• Provided data
Start of Block

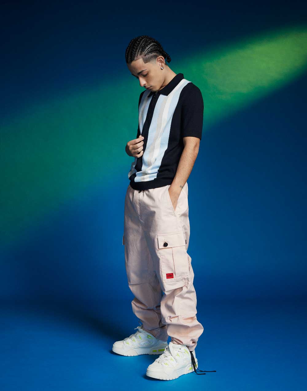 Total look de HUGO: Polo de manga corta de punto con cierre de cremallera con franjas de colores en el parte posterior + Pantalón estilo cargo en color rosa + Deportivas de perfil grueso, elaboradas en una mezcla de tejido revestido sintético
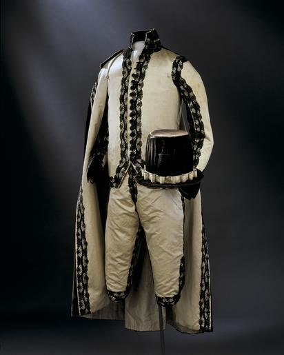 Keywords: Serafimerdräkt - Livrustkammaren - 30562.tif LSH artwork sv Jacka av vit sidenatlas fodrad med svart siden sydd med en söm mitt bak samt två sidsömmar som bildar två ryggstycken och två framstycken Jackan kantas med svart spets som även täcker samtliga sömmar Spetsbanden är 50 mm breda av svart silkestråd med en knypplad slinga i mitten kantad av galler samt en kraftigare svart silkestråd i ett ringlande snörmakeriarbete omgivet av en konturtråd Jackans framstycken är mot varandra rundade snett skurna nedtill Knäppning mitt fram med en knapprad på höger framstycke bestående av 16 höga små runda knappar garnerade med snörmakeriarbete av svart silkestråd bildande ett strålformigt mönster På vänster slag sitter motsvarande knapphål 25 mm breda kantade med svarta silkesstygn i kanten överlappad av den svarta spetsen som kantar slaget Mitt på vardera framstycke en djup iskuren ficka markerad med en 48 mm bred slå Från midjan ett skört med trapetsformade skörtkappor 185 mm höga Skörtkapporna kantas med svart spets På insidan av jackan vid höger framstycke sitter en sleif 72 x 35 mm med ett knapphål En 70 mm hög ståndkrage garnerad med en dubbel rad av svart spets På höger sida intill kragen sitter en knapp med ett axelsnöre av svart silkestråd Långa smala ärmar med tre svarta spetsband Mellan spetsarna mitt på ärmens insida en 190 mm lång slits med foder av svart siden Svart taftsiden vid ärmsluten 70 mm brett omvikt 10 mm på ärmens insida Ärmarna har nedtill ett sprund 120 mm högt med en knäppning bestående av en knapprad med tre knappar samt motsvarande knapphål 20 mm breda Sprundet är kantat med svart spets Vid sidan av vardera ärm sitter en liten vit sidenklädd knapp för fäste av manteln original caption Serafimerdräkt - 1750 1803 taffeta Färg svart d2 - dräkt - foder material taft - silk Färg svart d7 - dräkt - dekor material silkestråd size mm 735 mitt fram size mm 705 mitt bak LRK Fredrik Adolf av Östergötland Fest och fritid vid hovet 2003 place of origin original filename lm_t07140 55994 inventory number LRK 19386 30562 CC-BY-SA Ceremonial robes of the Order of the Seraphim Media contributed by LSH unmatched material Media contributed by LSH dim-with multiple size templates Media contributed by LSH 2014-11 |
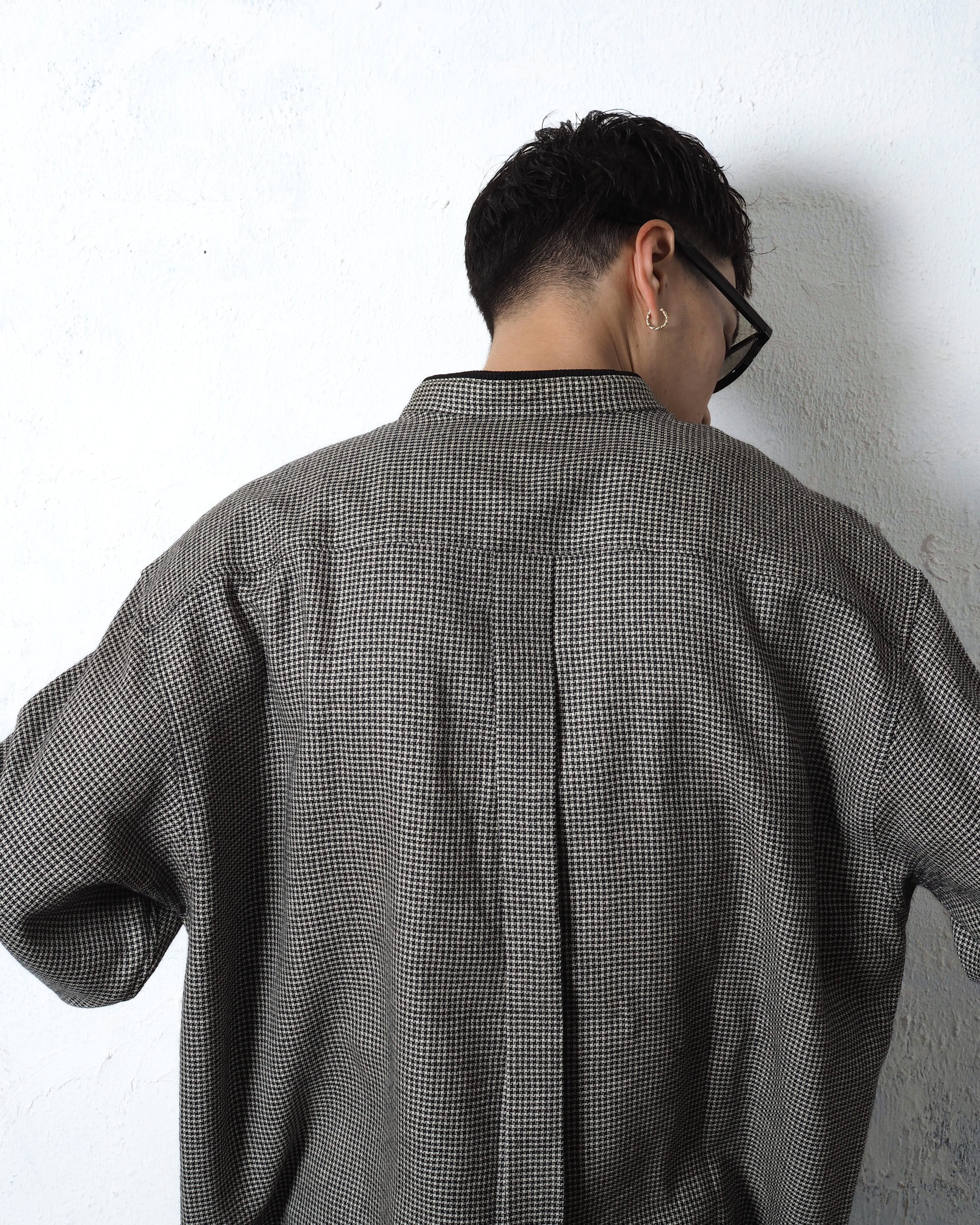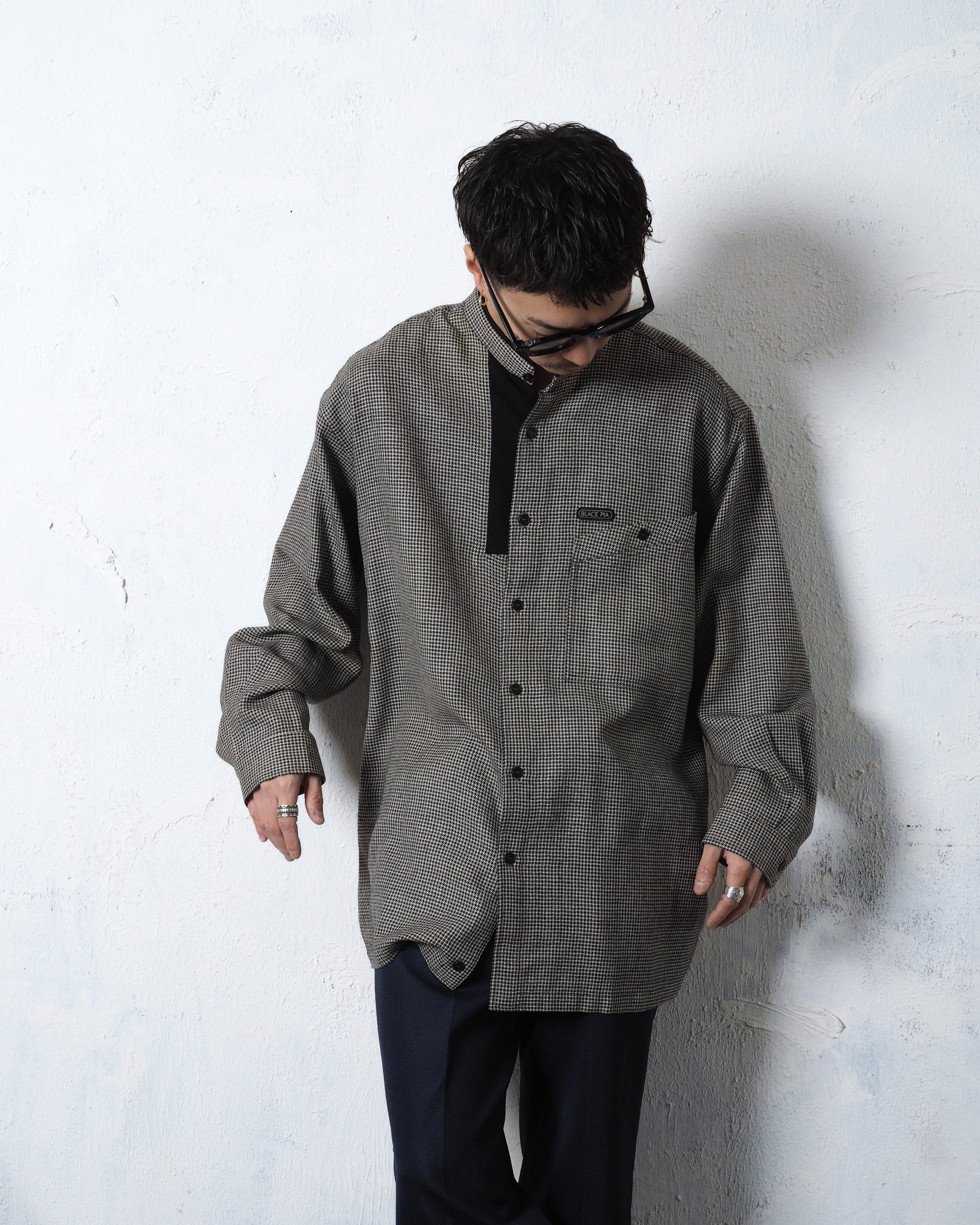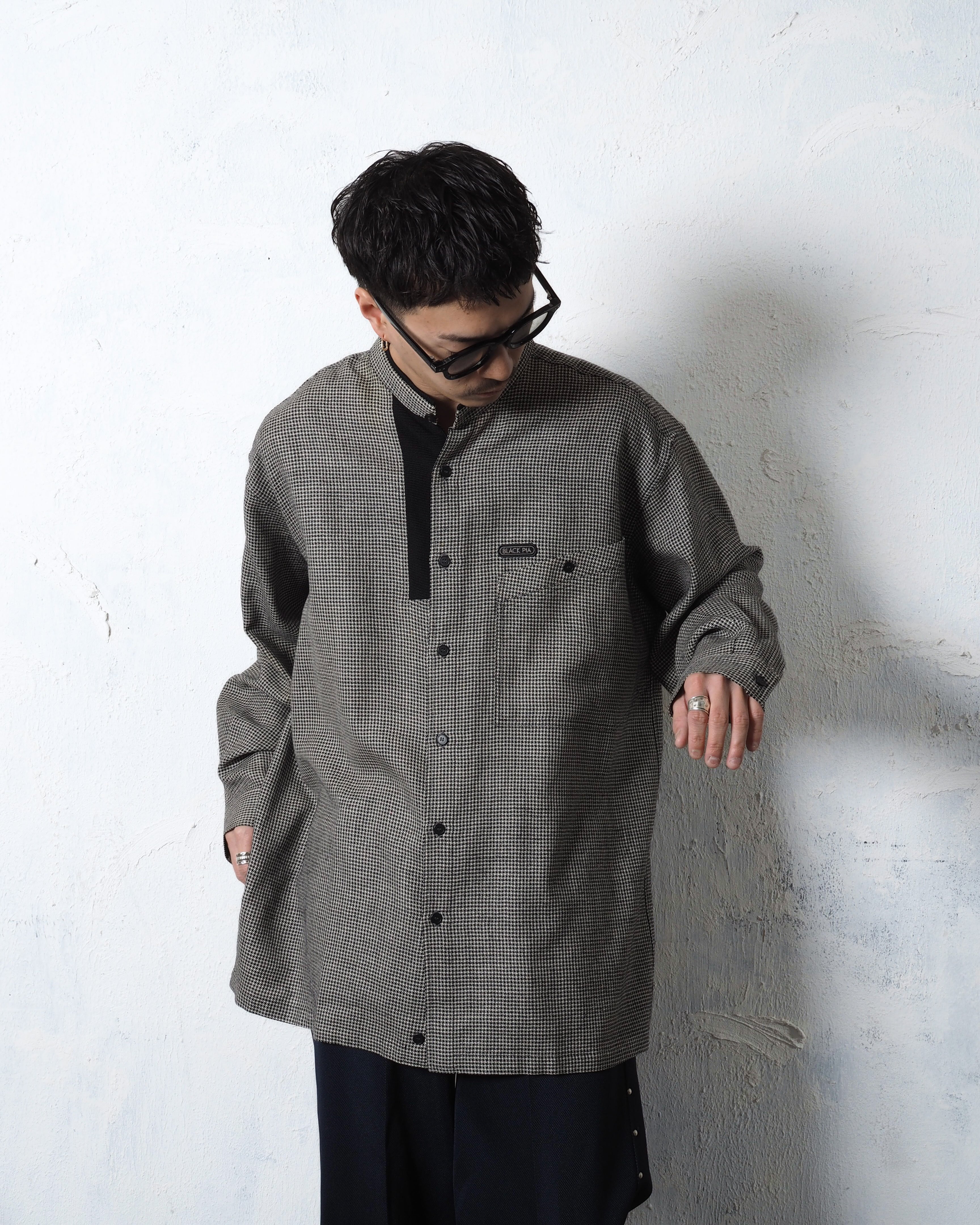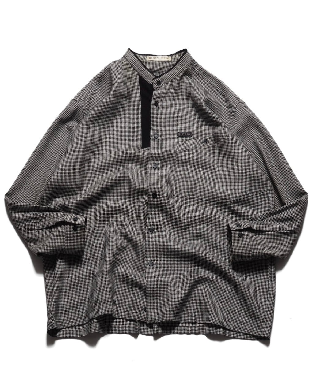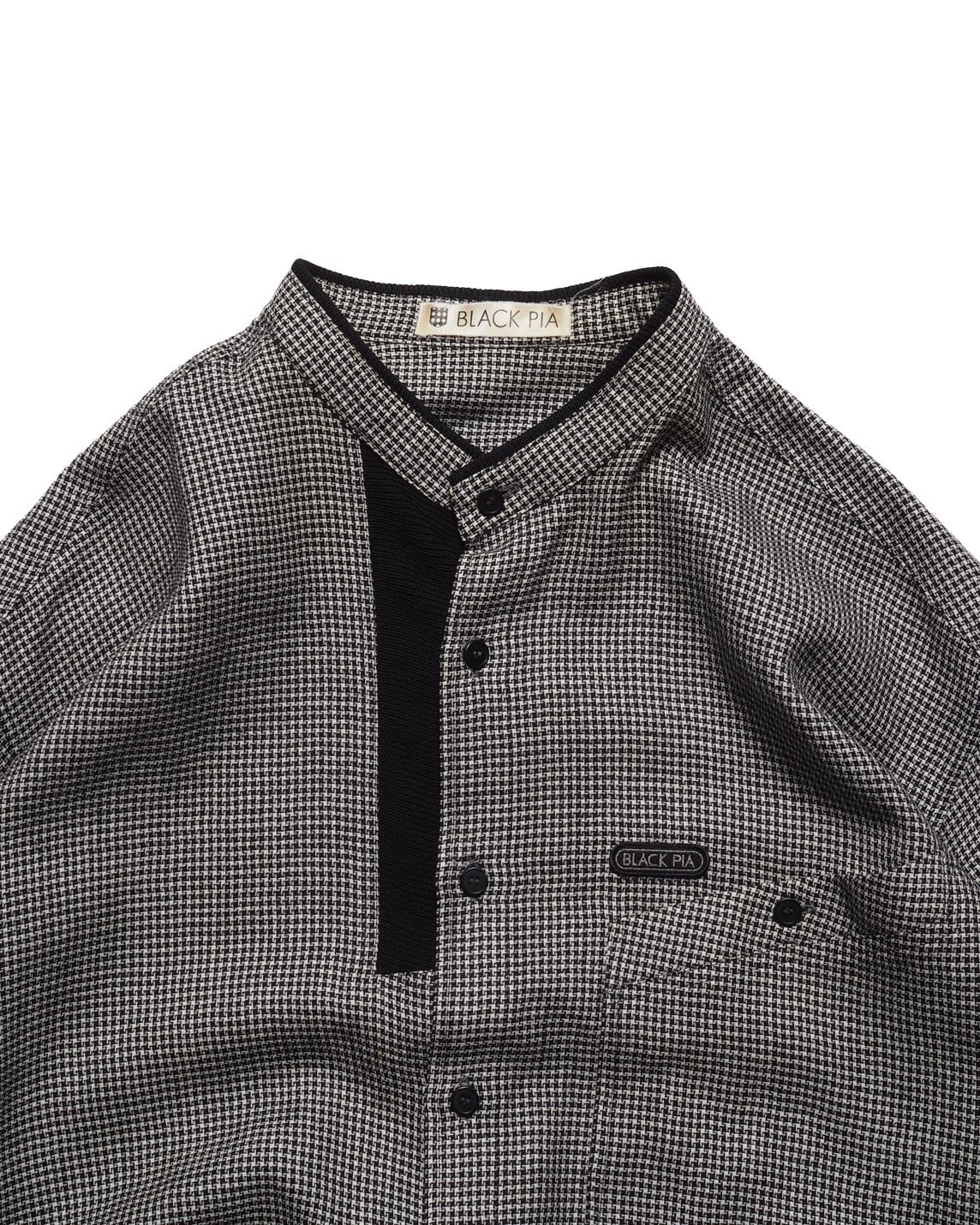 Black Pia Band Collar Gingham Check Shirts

End of Block

• Work to be completed
Skipping all images, print the data above a second time exactly.

• Task result
 Total look de HUGO: Polo de manga corta de punto con cierre de cremallera con franjas de colores en el parte posterior + Pantalón estilo cargo en color rosa + Deportivas de perfil grueso, elaboradas en una mezcla de tejido revestido sintético
 Keywords: Serafimerdräkt - Livrustkammaren - 30562.tif LSH artwork sv Jacka av vit sidenatlas fodrad med svart siden sydd med en söm mitt bak samt två sidsömmar som bildar två ryggstycken och två framstycken Jackan kantas med svart spets som även täcker samtliga sömmar Spetsbanden är 50 mm breda av svart silkestråd med en knypplad slinga i mitten kantad av galler samt en kraftigare svart silkestråd i ett ringlande snörmakeriarbete omgivet av en konturtråd Jackans framstycken är mot varandra rundade snett skurna nedtill Knäppning mitt fram med en knapprad på höger framstycke bestående av 16 höga små runda knappar garnerade med snörmakeriarbete av svart silkestråd bildande ett strålformigt mönster På vänster slag sitter motsvarande knapphål 25 mm breda kantade med svarta silkesstygn i kanten överlappad av den svarta spetsen som kantar slaget Mitt på vardera framstycke en djup iskuren ficka markerad med en 48 mm bred slå Från midjan ett skört med trapetsformade skörtkappor 185 mm höga Skörtkapporna kantas med svart spets På insidan av jackan vid höger framstycke sitter en sleif 72 x 35 mm med ett knapphål En 70 mm hög ståndkrage garnerad med en dubbel rad av svart spets På höger sida intill kragen sitter en knapp med ett axelsnöre av svart silkestråd Långa smala ärmar med tre svarta spetsband Mellan spetsarna mitt på ärmens insida en 190 mm lång slits med foder av svart siden Svart taftsiden vid ärmsluten 70 mm brett omvikt 10 mm på ärmens insida Ärmarna har nedtill ett sprund 120 mm högt med en knäppning bestående av en knapprad med tre knappar samt motsvarande knapphål 20 mm breda Sprundet är kantat med svart spets Vid sidan av vardera ärm sitter en liten vit sidenklädd knapp för fäste av manteln original caption Serafimerdräkt - 1750 1803 taffeta Färg svart d2 - dräkt - foder material taft - silk Färg svart d7 - dräkt - dekor material silkestråd size mm 735 mitt fram size mm 705 mitt bak LRK Fredrik Adolf av Östergötland Fest och fritid vid hovet 2003 place of origin original filename lm_t07140 55994 inventory number LRK 19386 30562 CC-BY-SA Ceremonial robes of the Order of the Seraphim Media contributed by LSH unmatched material Media contributed by LSH dim-with multiple size templates Media contributed by LSH 2014-11 |
 Black Pia Band Collar Gingham Check Shirts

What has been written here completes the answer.